# [RAW DATA]
────

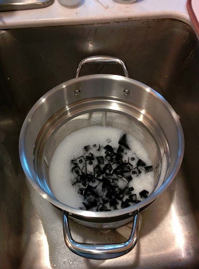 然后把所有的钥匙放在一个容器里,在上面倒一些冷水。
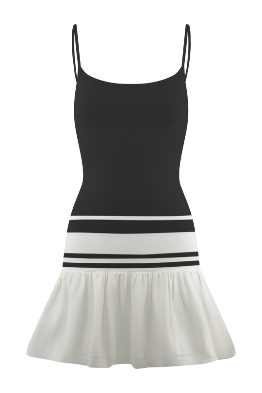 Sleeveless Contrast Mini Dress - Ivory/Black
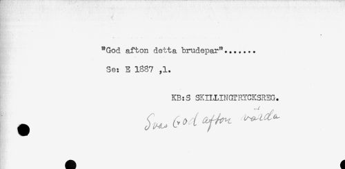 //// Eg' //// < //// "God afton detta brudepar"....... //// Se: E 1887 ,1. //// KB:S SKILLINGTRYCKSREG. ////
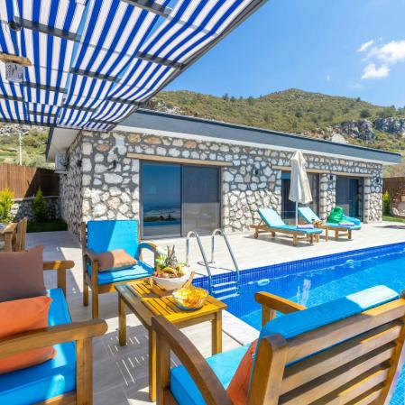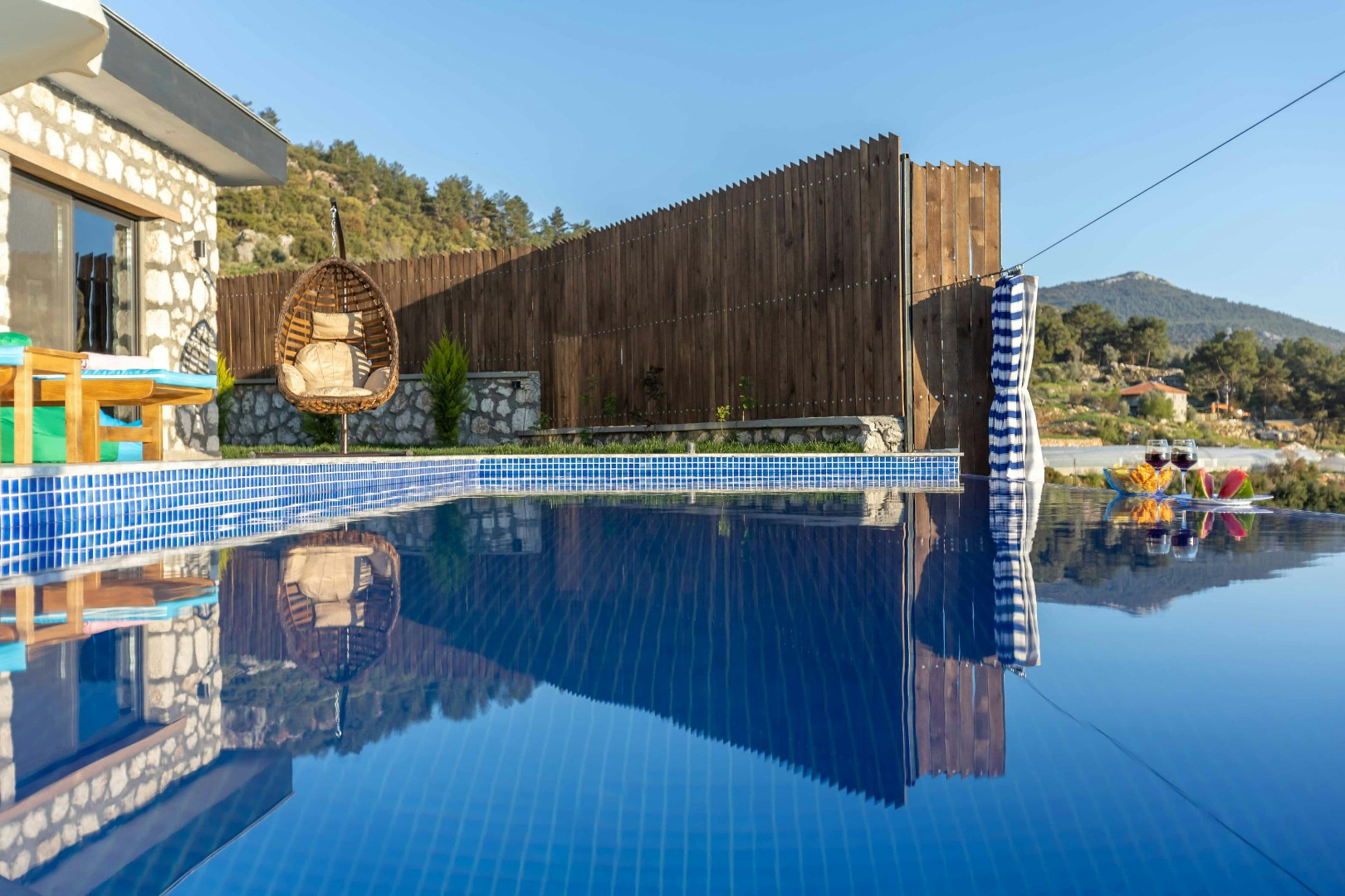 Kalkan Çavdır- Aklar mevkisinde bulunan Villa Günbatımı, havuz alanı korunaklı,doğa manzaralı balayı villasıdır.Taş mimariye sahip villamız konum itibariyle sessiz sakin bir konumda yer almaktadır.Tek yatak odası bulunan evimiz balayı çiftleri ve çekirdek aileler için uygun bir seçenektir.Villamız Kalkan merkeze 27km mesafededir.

────

# [YOUR GOAL]
Faithful copy, images left out: write out every line of data.

# [RESPONSE TO THE TASK]
 然后把所有的钥匙放在一个容器里,在上面倒一些冷水。
 Sleeveless Contrast Mini Dress - Ivory/Black
 //// Eg' //// < //// "God afton detta brudepar"....... //// Se: E 1887 ,1. //// KB:S SKILLINGTRYCKSREG. ////
 Kalkan Çavdır- Aklar mevkisinde bulunan Villa Günbatımı, havuz alanı korunaklı,doğa manzaralı balayı villasıdır.Taş mimariye sahip villamız konum itibariyle sessiz sakin bir konumda yer almaktadır.Tek yatak odası bulunan evimiz balayı çiftleri ve çekirdek aileler için uygun bir seçenektir.Villamız Kalkan merkeze 27km mesafededir.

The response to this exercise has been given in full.